Olivier MAGNY - Dessine-moi un parisien

27 Décembre 2010, 14:09pm

Publié par zazy

Dessine-moi un Parisien

DESSINE-MOI UN PARISIEN

Olivier MLAGNY

Edition brochée 10/18

 

Reçu avec plaisir, grâce au partenariat – 10-18.jpg et notre forum artage-lecture.png

 

4ème de couverture :

 

Parisien ? Une insulte pour certains, un graal pour d'autres. Qu'il soit origine ou destination, Paris, c'est sûr, façonne ses habitants. Olivier Magny propose ici une plongée dans le monde étrange des Parisiens et nous donne enfin de bonnes raisons de les aimer ou de les détester. Au programme : mauvais esprit et autodérision portés par un auteur 100 % Parisien.

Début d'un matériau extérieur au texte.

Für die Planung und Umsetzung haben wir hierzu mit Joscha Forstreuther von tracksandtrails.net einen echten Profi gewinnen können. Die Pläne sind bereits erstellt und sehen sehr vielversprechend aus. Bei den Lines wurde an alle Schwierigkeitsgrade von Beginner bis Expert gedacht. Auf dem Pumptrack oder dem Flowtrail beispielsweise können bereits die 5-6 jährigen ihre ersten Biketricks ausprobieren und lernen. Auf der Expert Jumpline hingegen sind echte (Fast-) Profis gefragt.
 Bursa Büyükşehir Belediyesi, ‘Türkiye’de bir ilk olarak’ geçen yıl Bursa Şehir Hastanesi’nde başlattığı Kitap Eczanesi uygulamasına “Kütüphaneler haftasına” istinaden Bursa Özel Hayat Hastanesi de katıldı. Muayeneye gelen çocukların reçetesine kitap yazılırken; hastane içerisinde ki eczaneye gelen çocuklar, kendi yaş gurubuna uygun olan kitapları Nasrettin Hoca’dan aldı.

Alors...

 

Quelques mots sur l’auteur (pages intérieures du livre) :

 

Olivier Magny a un parcours original. A 24 ans, il créé « Ô château » sa société de dégustation de vins en ligne. Depuis, c’est plus de 30 000 personnes du monde entier qu’il a personnellement formées au fin français. Pur Parisien, il a vécu en Californie, est diplômé de l’ESSEC, intervient à l’Hôtel de Crillon et à Science-Po. Depuis quelques mois, on trouve le plus souvent Olivier dans son bar à vins, 68, rue Jean-Jacques-Rousseau à Paris.

 

Ce livre est issu de son blog écrit en anglais: Stuff Parisians Like. Suivi rapidement par des milliers de lecteurs, complices de ces gentilles mises en boîte des Parisiens par un Parisien. Il qui devient rapidement SPL –Le petit blog grandit. Un beau jour 10/18 propose à Olivier de publier ce blog.

 

Mon avis :

 

Petit livre que l’on tient bien en mains, pratique pour lire…… dans les transports parisiens !!!!

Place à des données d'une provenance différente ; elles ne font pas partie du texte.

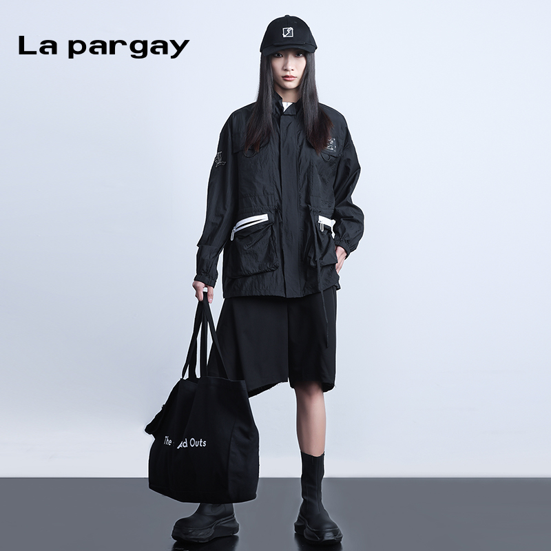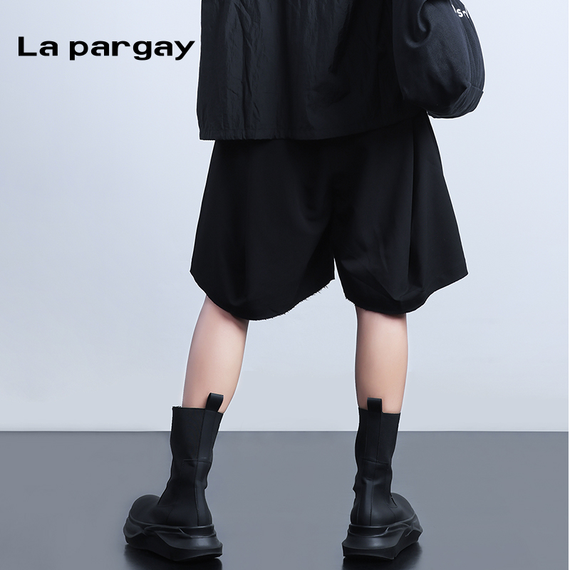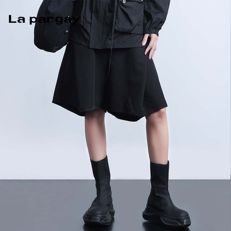 2025春季 休闲宽松裤 新款 黑色个性 子 女式 纳帕佳高腰简洁阔腿五分裤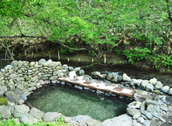 ●源泉温度:80度(熱い自噴泉が川の水と混じり適温に) ※自主管理のためにマナーを守って入浴のこと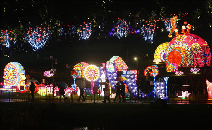 Visitors view illumination installations during a lantern show in Nantong city, East China's Jiangsu province, Jan 15, 2020. Over 130 illumination installations were exhibited on the show. [Photo/Xinhua]

Livre à déguster, mais ne pas lire d’un seul coup à cause d’un risque très grave de devenir raciste-anti-parisien. 3 satires à chaque fois est la posologie que je recommande pour obtenir la « quintessence du parisien » !!!!!

 

Pour nous provinciaux, nous avons même le conseil utile. Par exemple, prenez le mot putain, le premier chapitre. En voici le conseil utile : « Si vous ne savez pas quoi dire, dites simplement putain…. » et, dessous, nous avons une rubrique aide : Parlez parisien : « Non mais putain,….. c’est pas possible, bordel ! ». Le tout orné d’un petit dessin souvent bienvenu.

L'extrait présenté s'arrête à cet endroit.